Fellows will spend time in sleep clinics to learn about the assessment and management of children with sleep-disordered breathing. They will also spend time in the sleep lab to learn how to protocolize and interpret polysomnograms. Fellows will attend didactic sleep conferences and continue to attend pediatric pulmonology didactic conferences and their own weekly continuity clinics. 


In their first year, fellows will use the research blocks to start exploring their research interests, meeting with different investigators, reading, and preparing for their research projects which are the focus of years two and three. In the second half of the first year, fellows are expected to have a better understanding of their main research interests and identify a research mentor. The program director will work closely with the fellow throughout this process. In years two and three, research will occupy a greater part of a fellow’s schedule. Fellows will work very closely with their research mentors and are expected to meet with their scholarly oversight committee 2-3 times per year in order to review the overall progress of the project. Fellows should plan to submit an abstract to the Pediatric Research Symposium every year and an additional abstract to a pertinent national conference (American Thoracic Society, North American Cystic Fibrosis Conference, SLEEP, etc)

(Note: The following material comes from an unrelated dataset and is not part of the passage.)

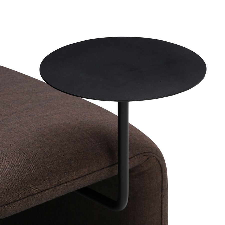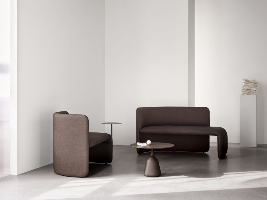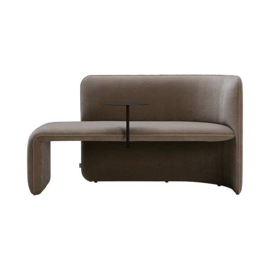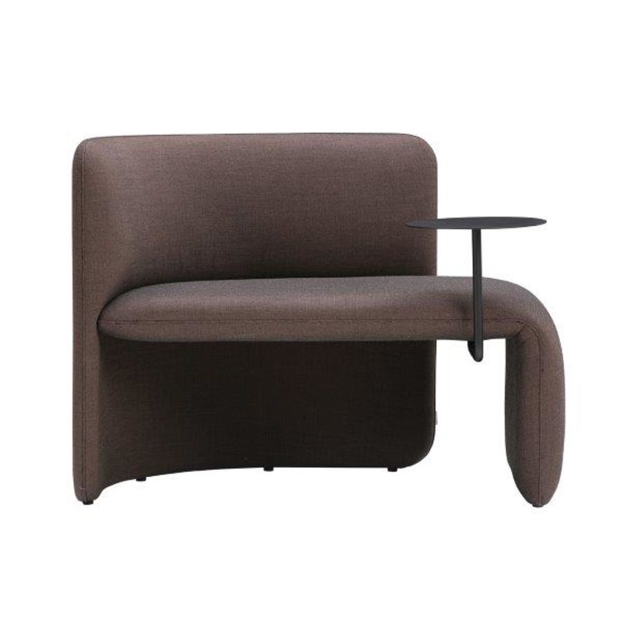 The design has a characterful persona with upholstered elements that bring a sense of softness to modern spaces, joined by the functionality of its curved back, allowing for the user to be seated at multiple positions, and the elegant side table.

Weekly longitudinal outpatient clinic

Fellows will see their patients on their own and staff with one of two attendings in clinic with them. They have clinic one half-day per week. Fellows develop very close relationships with their patients and families over the course of their training. During their clinics, fellows are expected to sign out their pagers to the attending on service in order to reduce distractions. Each fellow will see 4 patients per half day in the first year and 6 patients per half day in years 2 and 3. The care of patients with chronic diseases often requires a multi-disciplinary approach. Therefore, fellows will work alongside nurses, respiratory therapists, dieticians, social workers and others in order to provide optimal patient care.  

Quarterly outpatient pediatric ventilator clinic

Every 3 months, fellows will spend a half-day in the pediatric ventilator clinic with the attending and nurse practitioner. This is an opportunity to observe the management of children using ventilators at home including tracheostomy care, and ventilator adjustments and weaning. 

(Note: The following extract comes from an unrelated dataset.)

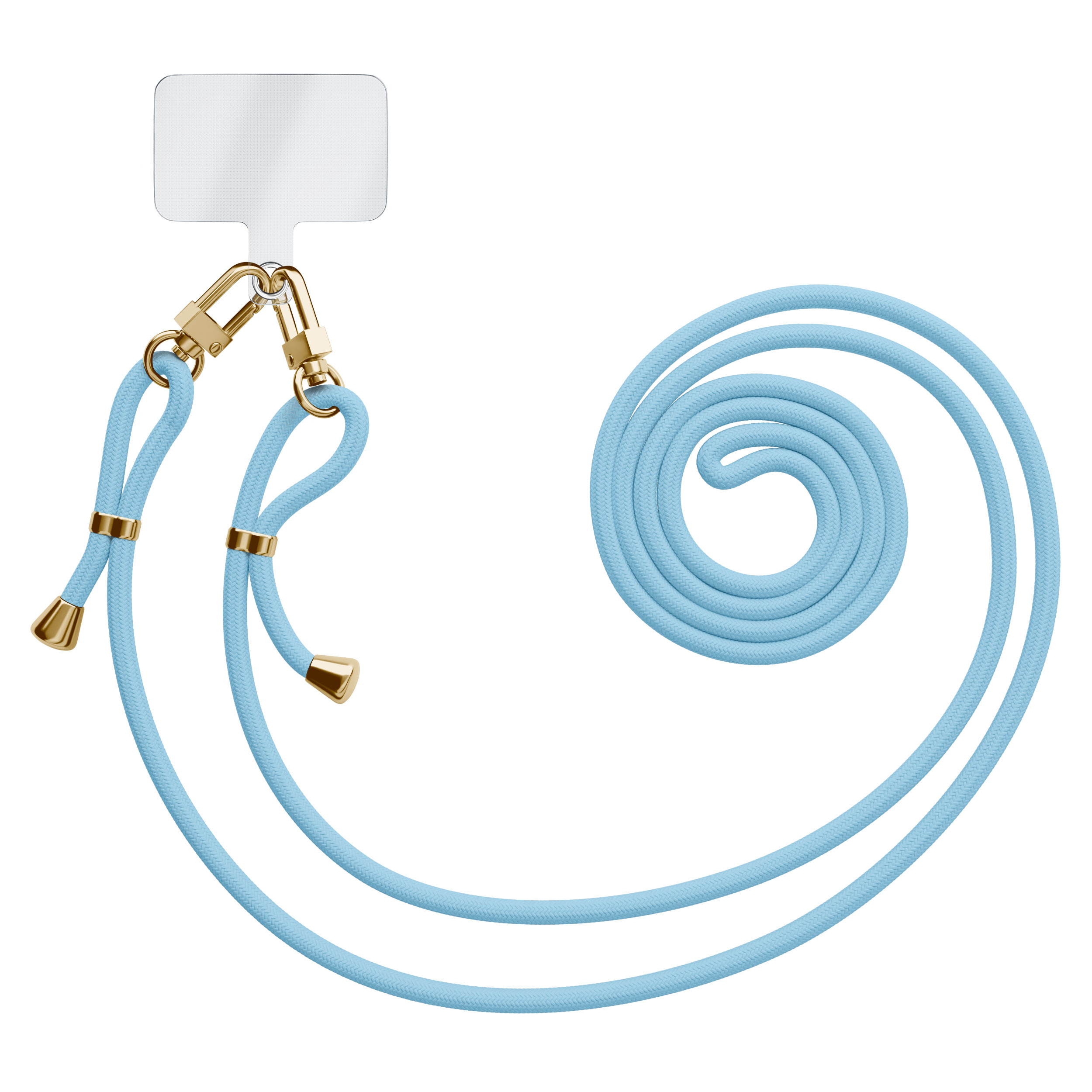 Dit lichtblauwe universele telefoonkoord met dubbele gouden sluitingen van Casimoda houdt je telefoon veilig en stijlvol bij de hand. Plaats de patch in je hoesje (geschikt voor al onze cases) en bevestig het koord eenvoudig aan de patch. Ideaal!

Additional elective experiences

Fellows who are looking for more experience with specific clinical diseases and programs are welcome to spend more time in subspecialty clinics. For example, those interested in chronic mechanical ventilation can spend more time in outpatient pediatric ventilator clinics or rounding with the pediatric ventilator service. Fellows can work with attendings in the severe asthma program, the aerodigestive program, the primary ciliary dyskinesia program, the complex respiratory infection program, the interstitial lung disease program, the bronchopulmonary dysplasia program, the pulmonary hypertension program, the single ventricle program, the congenital diaphragmatic hernia and chest wall disorders program, the neuromuscular program and others. Fellows have also taken additional time to work with faculty outside of the pulmonary division such as otolaryngologists, radiologists, and non-physician experts including respiratory therapists in the pediatric ventilator service. All of these can be arranged on a case-by-case basis. 

Global health experience

Fellows have opportunities to travel abroad to help support developing cystic fibrosis programs. Global electives need to be arranged several months in advance.  

Procedural training

Fellows undergo simulation training in pediatric flexible bronchoscopy using a combination of a 3D-printed airway and a virtual reality simulator. Thereafter, they received formative feedback and just-in-time training with every patient bronchoscopy. Fellows usually perform 40-50 bronchoscopies in their first year of training and fewer during their research years.